Supplied records:
----
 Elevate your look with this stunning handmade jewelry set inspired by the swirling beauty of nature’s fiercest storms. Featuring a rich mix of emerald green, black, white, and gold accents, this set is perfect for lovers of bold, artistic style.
----
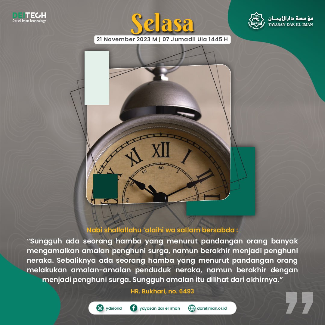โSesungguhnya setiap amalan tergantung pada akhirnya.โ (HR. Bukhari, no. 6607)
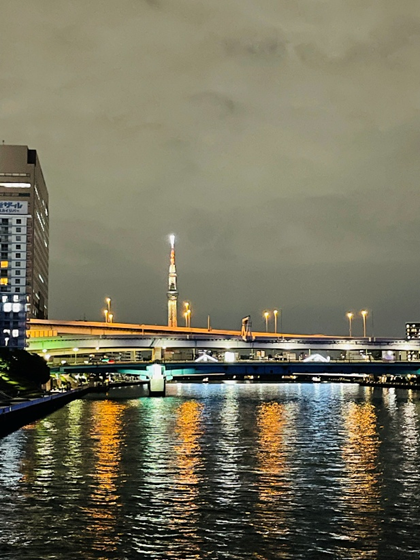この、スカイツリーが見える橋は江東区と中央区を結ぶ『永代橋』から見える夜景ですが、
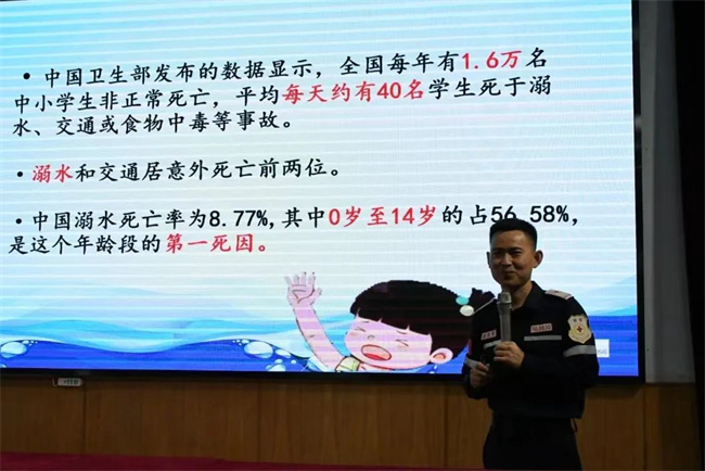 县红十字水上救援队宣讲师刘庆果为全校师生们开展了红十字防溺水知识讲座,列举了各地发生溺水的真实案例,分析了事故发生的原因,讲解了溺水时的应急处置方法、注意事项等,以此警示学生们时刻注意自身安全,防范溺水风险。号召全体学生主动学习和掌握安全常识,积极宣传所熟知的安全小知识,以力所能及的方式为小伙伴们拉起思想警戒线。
----
Exercise:
Reproduce, word for word, everything in the listing above from the line containing "この、スカイツリーが見える橋" down to the line containing "县红十字水上救援队宣讲师刘庆", both of them included. No pictures.

Response to this exercise:
この、スカイツリーが見える橋は江東区と中央区を結ぶ『永代橋』から見える夜景ですが、
 县红十字水上救援队宣讲师刘庆果为全校师生们开展了红十字防溺水知识讲座,列举了各地发生溺水的真实案例,分析了事故发生的原因,讲解了溺水时的应急处置方法、注意事项等,以此警示学生们时刻注意自身安全,防范溺水风险。号召全体学生主动学习和掌握安全常识,积极宣传所熟知的安全小知识,以力所能及的方式为小伙伴们拉起思想警戒线。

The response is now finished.